Generally speaking, if you work hard enough, you can probably an answer to your question from Google — indeed, if you’ve got your handset in front of you, Google Mobile is pretty efficient.  However, if your question is a little more complex than ‘What’s the capital of Australia’, you generally need to do quite a lot of re-querying and clicking about to get the answer.  As mega networker Oli Barrett put it in a quick interview I did with him a while ago:

I use [82ask] a couple of times a week when I’m out and about, away from Google, and need a quick answer to something.  A mobile service which saves me time – how refreshing!

I’d never used it myself until last week.  This wasn’t through design — it was because I’d never had a good enough question.   I didn’t want to waste the 82ask team’s time with an inane ‘test’ to see if they could tell me how many bunny rabbits there are in Northern Ireland (900,000 according to the 82ask Telegraph Interview).  I already bought the concept — I already got it — so I waited until I really, really needed to know something and whacked off the question.  The answer arrived almost instantaneously.  Phenomenal.  What’s more, I couldn’t tell you the 82ask shortcode.  I can’t remember it.  It doesn’t matter.  I just whacked in 8-2-a-s-k and sent off my message!   

Justin Davies of BuddyPing in his recent interview raved about the service, so I was delighted when I got the opportunity to put some questions to Sarah.

As always, I started off with a few standard ones and then went on from there.  Off we go!

1. What was your first mobile? Make/model/network

I can’t remember the exact model. I was at University, it was in 1999 and it was a pay-as-you-go phone on Orange.

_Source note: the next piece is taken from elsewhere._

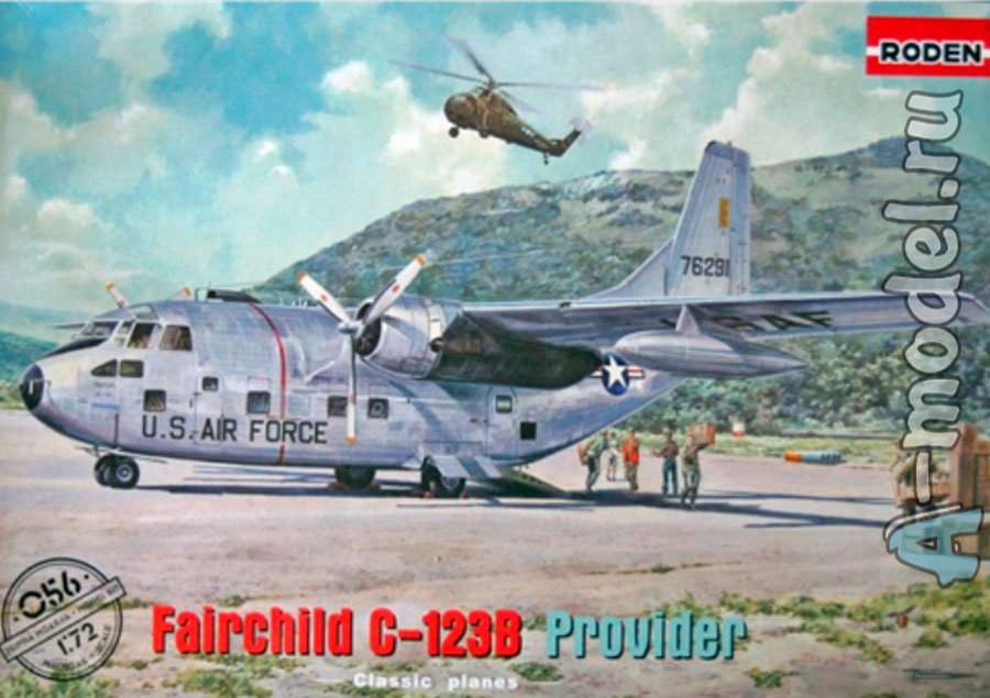 Roden 1/72 C-123B Fairchild provider. Американский транспортный самолет времен Вьетнамской войны, прославился большой грузоподъемностью и малым разбегом при взлете что важно на ограниченных пространствах окруженных горами или джунглями. Эту прекрасную модель в отличном исполнении вы можете купить в нашем магазине. Мы давно работаем с производителем RODEN, поэтому позиция с артикулом 056 оригинальна и всегда готова для заказа. Несколько видов оплаты банковскими картами и доставка в любую точку России курьером или почтой.

2. Talk us through your current personal mobile strategy – what device(s) are you using and why?

I only really use my phone for texts, calls and email so I have a Motorola V3 for the texts and voice and a Blackberry for the emails!

3. Give us an overview of 82ask. Is this your first venture? What prompted you to setup the service?

Yes, 82ASK is my first foray into running a business. Basically, 82ASK enables anyone on any of the six UK mobile networks to text any question to 82275 and receive an accurate answer in minutes. We were the first service of its kind to market, and we think of ourselves as a ‘mobile find’ (rather than ‘mobile search’) solution. We charge £1 for each answer – if we can’t answer (which is really rare), we don’t charge you, and we don’t charge for clarification or customer service.

The idea for the service hit me in 2003 when I worked as a Financial Analyst in the City. Slaving away into the wee hours one night my boss sent an email asking me for more research and I thought, I wish I could charge for this. Which quickly led to, I should charge for this! My friend Thomas Roberts (who was also at UBS with me) and I worked flat-out setting up a trial service, answering questions ourselves 24/7. Investors were initially sceptical, but the results did the talking.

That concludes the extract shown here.